EXERCISE GOAL:
Copy the data exactly as it appears, and do not include any pictures.

DATA FOR REVIEW:
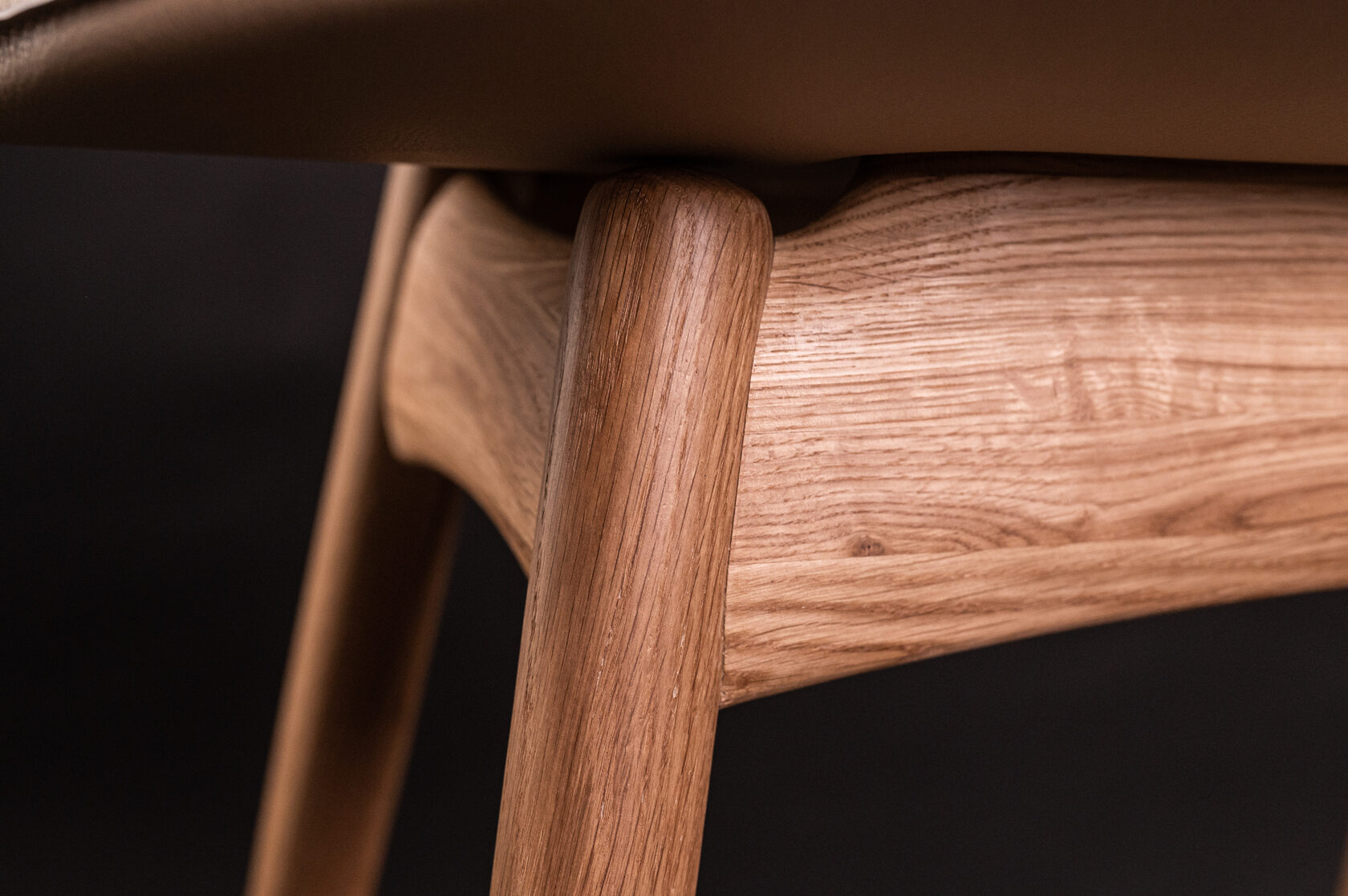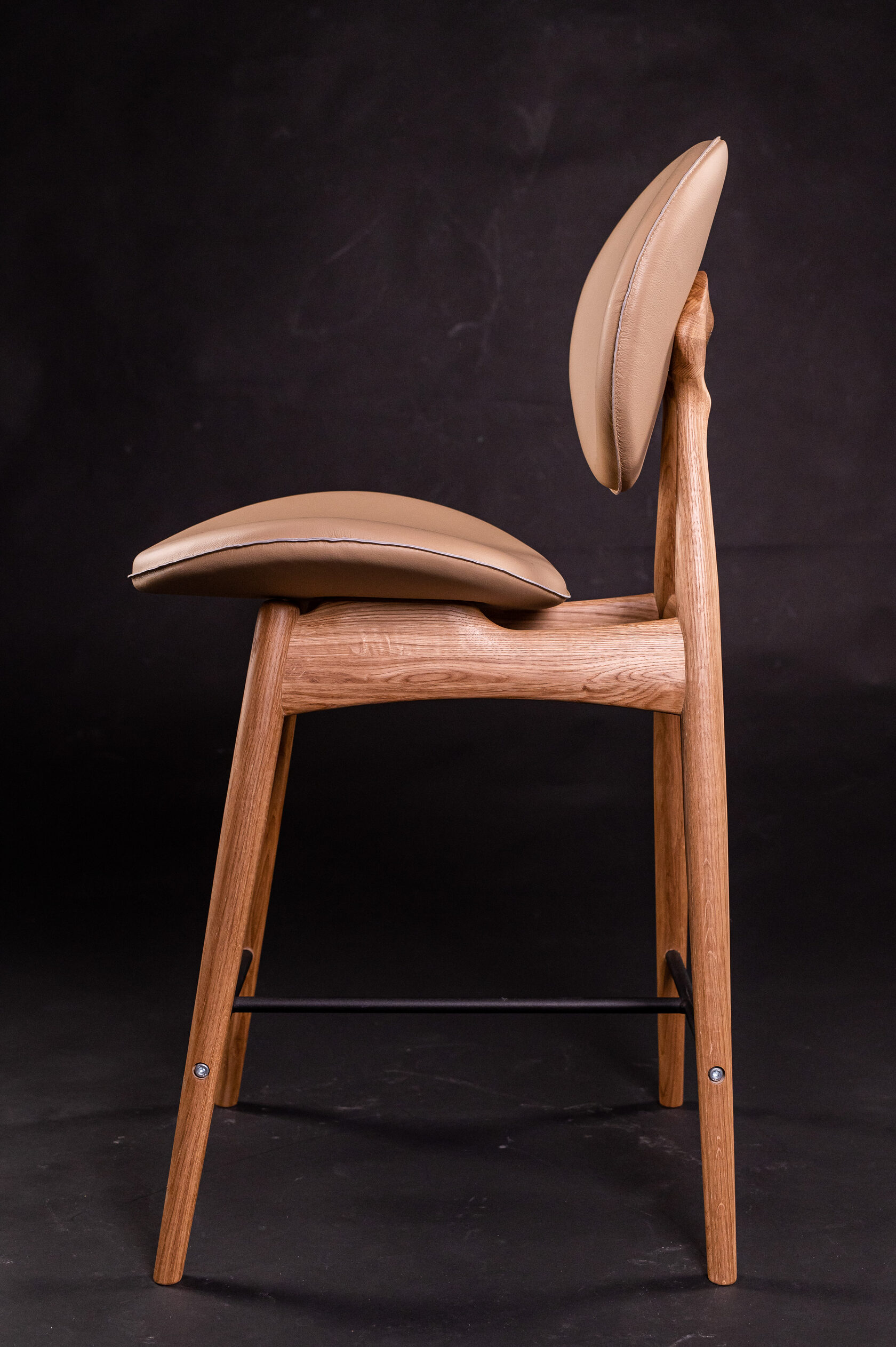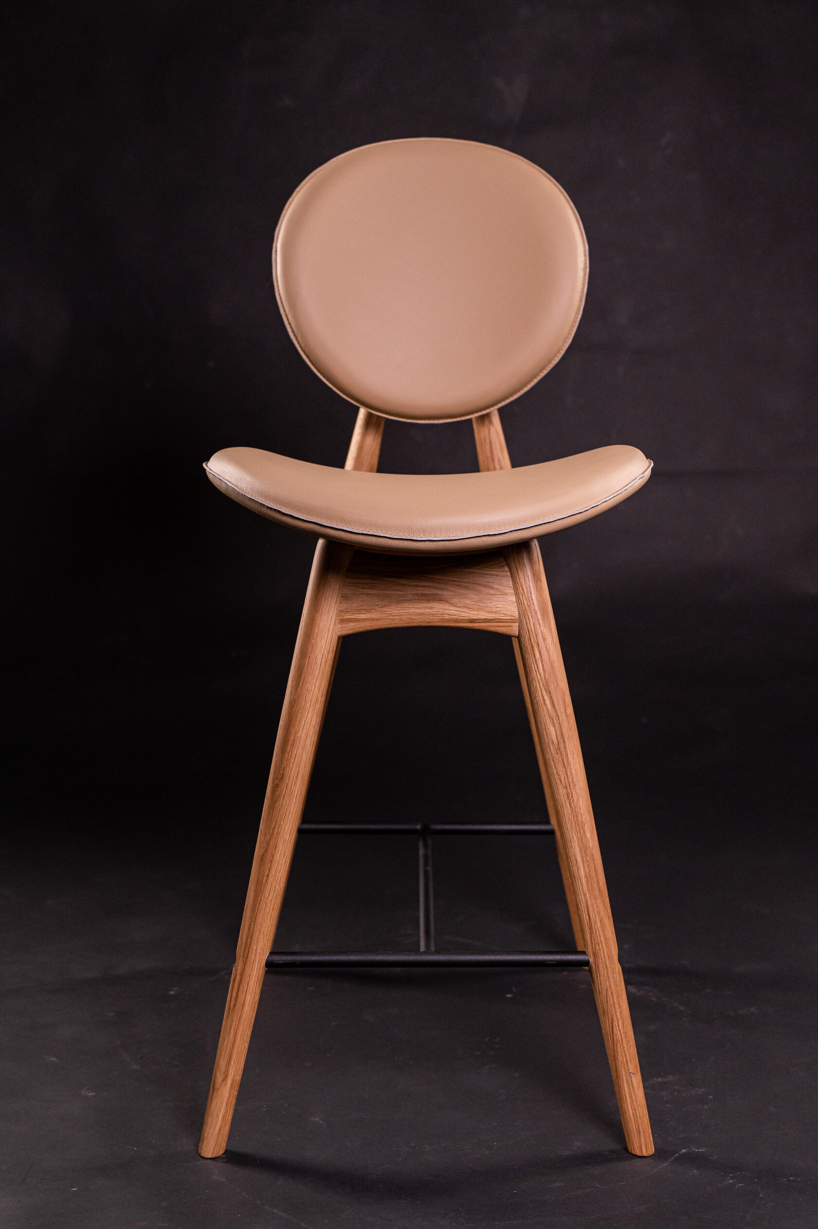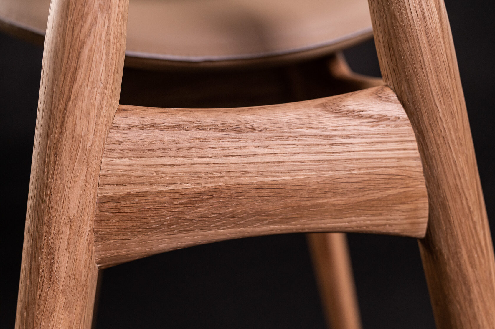 The OLD bar stool features a traditional, four legged base in tapered design. It is topped with a square seat that introduces tactility to the design. A footrest is integrated into the legs.
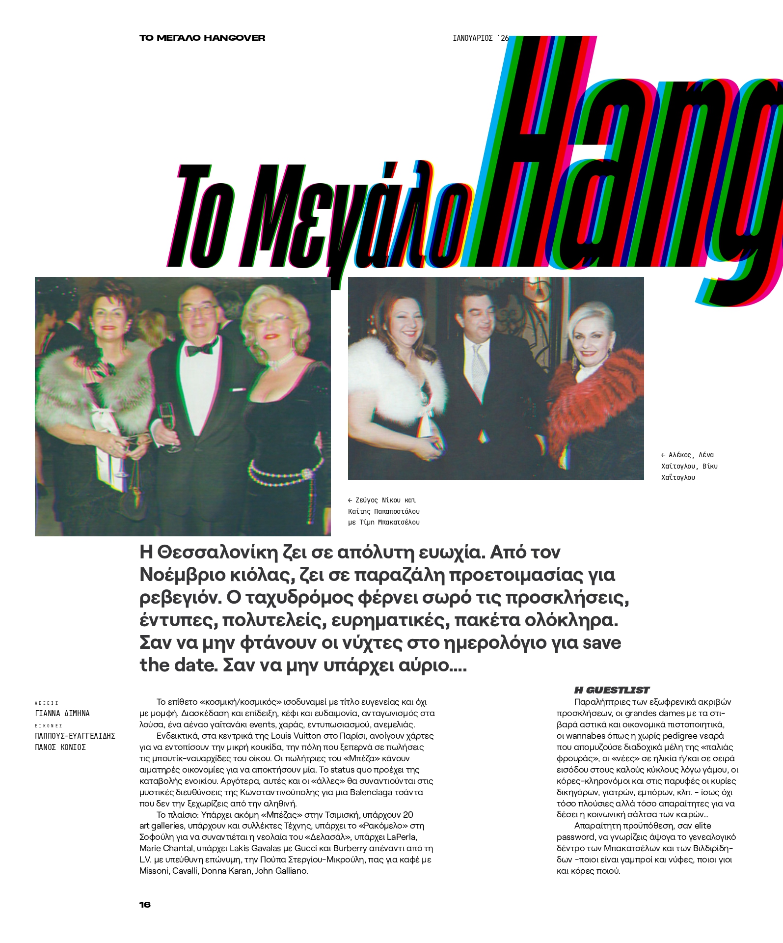 Η Γιάννα Διμηνά μας ταξιδεύει στα ρεβεγιόν που άφησαν εποχή στη Θεσσαλονίκη. Οι παρουσίες, τα παρασκήνια, τα εντυπωσιακά φορέματα γνωστών κυριών της πόλης.
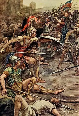 The Siege of Mantinea occurred in 385 BC, and resulted in a victory of the Spartans over the city of Mantinea, which was defeated and dismembered.[1] The Spartans wanted to ensure that Mantinea would not develop into a threat to their own power, and ordered them to take down their walls, but they refused. With that excuse, the Spartans diverted the river onto the walls by breaking dams and digging canals to make them crumble, since the Mantineans refused to come out and were able to resist a siege for many months ahead. Once trapped in the flooded city, they were forced to fight, and the Spartans pushed the Theban forces on the forefront only to attack with their cavalry at the end and finish the enemy. On this occasion, Epaminondas, then fighting on the side of the Spartans, famously rescued his fellow Theban Pelopidas.[2][3]
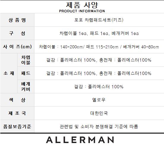 (롯데백화점)포포 차렵패드세트(키즈)S
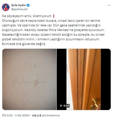 Evinin girişindeki duvara cinsel taciz mesajı yazılan Şule Aydın, olaya tepkisini X hesabından şu sözlerle ifade etti: “Ne söyleyeyim artık, bilemiyorum! Oturduğum daire kapısındaki duvara, cinsel taciz içeren bir kelime yazmışlar. Ve üzerinde bir leke var. Dün gece saatlerinde yapıldığını düşünüyorum. Kadıköy İskelesi Polis Merkezi’ne şikayette bulundum. Gazeteciliğimizden dolayı düzenli tehdit aldığım bu süreçte, bu cinsel şiddet tehdidini kimin / kimlerin yaptığının bulunmasını istiyorum. Evimizde bile güvende değiliz.”
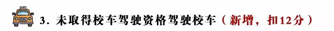 驾驶营运客车超载20%以上的(将校车列入其中),由扣6分调整为扣12分!营运车辆超载20%以上的车辆将受到扣除12分的处罚,其中除了出租车、长途客运车辆等常规营运车辆外(不含公交车),在新规则中还加入了校车。超过额定乘员百分之二十或者违反规定载货的,处500元以上2000元以下罚款。
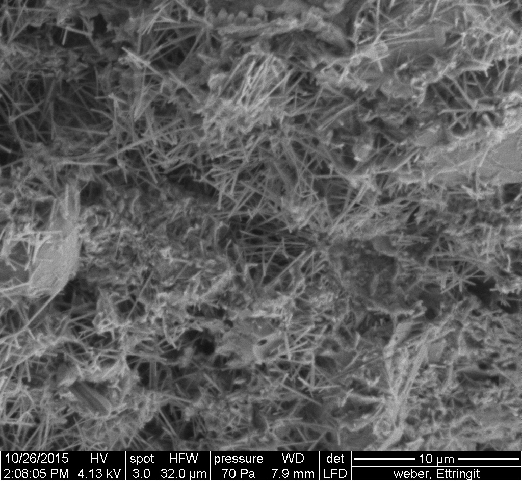 nadelförmiger Sulfat/Aluminate, Ettringite, s. Abb. 3.8.5. links) und das
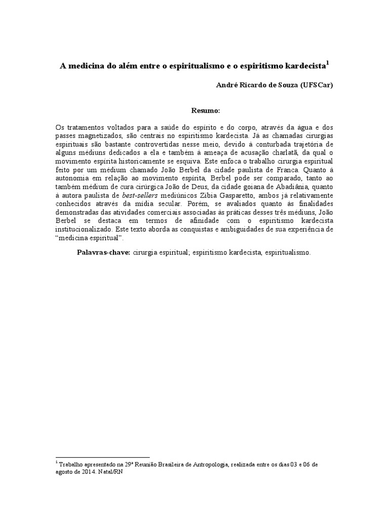 Palavras-chave: cirurgia espiritual; espiritismo kardecista, espiritualismo.
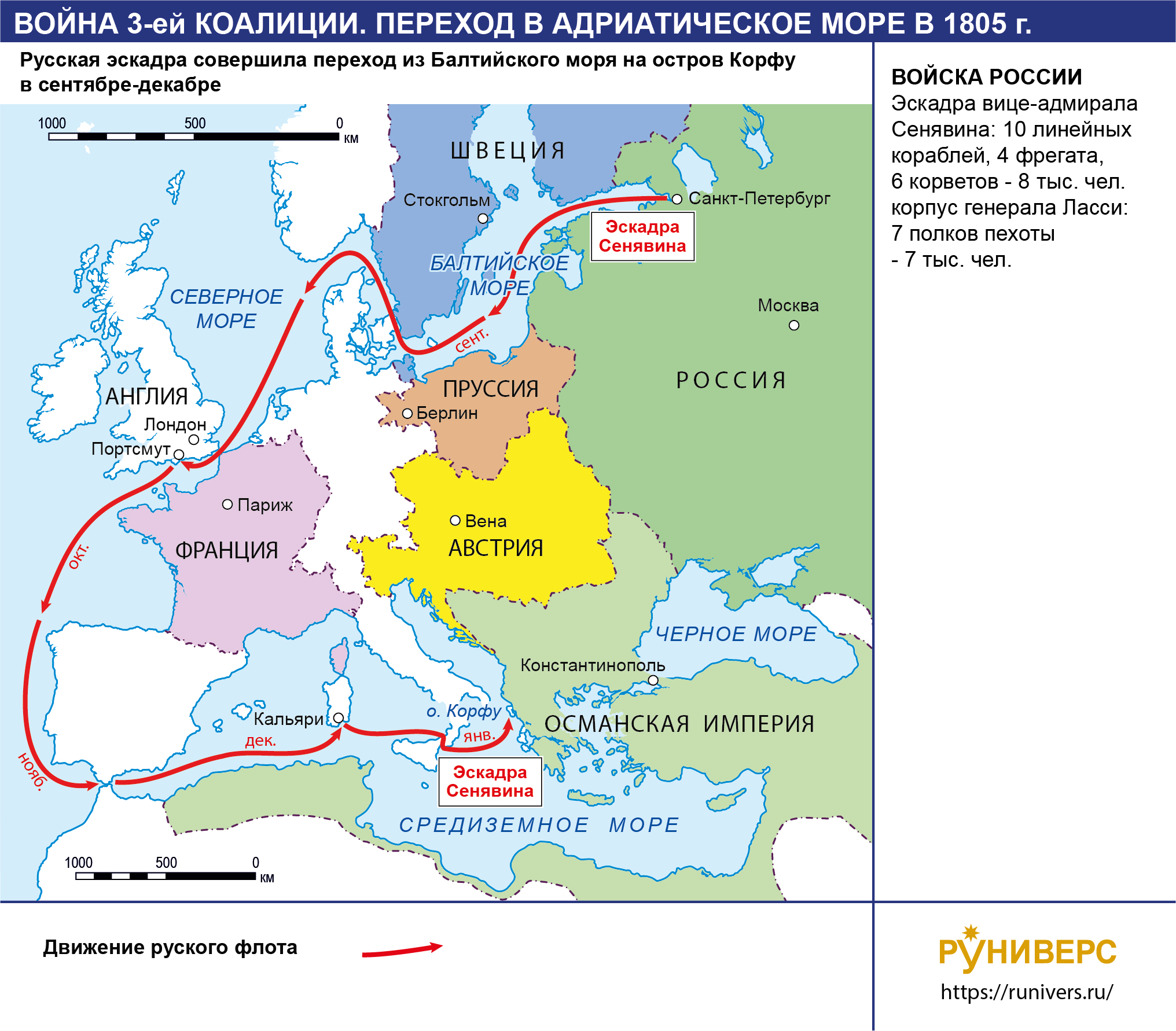 Война Третьей антифранцузской коалиции 1805 г. Поход эскадры Сенявина в Адриатическое море в 1805 г.

WRITTEN SOLUTION:
 The OLD bar stool features a traditional, four legged base in tapered design. It is topped with a square seat that introduces tactility to the design. A footrest is integrated into the legs.
 Η Γιάννα Διμηνά μας ταξιδεύει στα ρεβεγιόν που άφησαν εποχή στη Θεσσαλονίκη. Οι παρουσίες, τα παρασκήνια, τα εντυπωσιακά φορέματα γνωστών κυριών της πόλης.
 The Siege of Mantinea occurred in 385 BC, and resulted in a victory of the Spartans over the city of Mantinea, which was defeated and dismembered.[1] The Spartans wanted to ensure that Mantinea would not develop into a threat to their own power, and ordered them to take down their walls, but they refused. With that excuse, the Spartans diverted the river onto the walls by breaking dams and digging canals to make them crumble, since the Mantineans refused to come out and were able to resist a siege for many months ahead. Once trapped in the flooded city, they were forced to fight, and the Spartans pushed the Theban forces on the forefront only to attack with their cavalry at the end and finish the enemy. On this occasion, Epaminondas, then fighting on the side of the Spartans, famously rescued his fellow Theban Pelopidas.[2][3]
 (롯데백화점)포포 차렵패드세트(키즈)S
 Evinin girişindeki duvara cinsel taciz mesajı yazılan Şule Aydın, olaya tepkisini X hesabından şu sözlerle ifade etti: “Ne söyleyeyim artık, bilemiyorum! Oturduğum daire kapısındaki duvara, cinsel taciz içeren bir kelime yazmışlar. Ve üzerinde bir leke var. Dün gece saatlerinde yapıldığını düşünüyorum. Kadıköy İskelesi Polis Merkezi’ne şikayette bulundum. Gazeteciliğimizden dolayı düzenli tehdit aldığım bu süreçte, bu cinsel şiddet tehdidini kimin / kimlerin yaptığının bulunmasını istiyorum. Evimizde bile güvende değiliz.”
 驾驶营运客车超载20%以上的(将校车列入其中),由扣6分调整为扣12分!营运车辆超载20%以上的车辆将受到扣除12分的处罚,其中除了出租车、长途客运车辆等常规营运车辆外(不含公交车),在新规则中还加入了校车。超过额定乘员百分之二十或者违反规定载货的,处500元以上2000元以下罚款。
 nadelförmiger Sulfat/Aluminate, Ettringite, s. Abb. 3.8.5. links) und das
 Palavras-chave: cirurgia espiritual; espiritismo kardecista, espiritualismo.
 Война Третьей антифранцузской коалиции 1805 г. Поход эскадры Сенявина в Адриатическое море в 1805 г.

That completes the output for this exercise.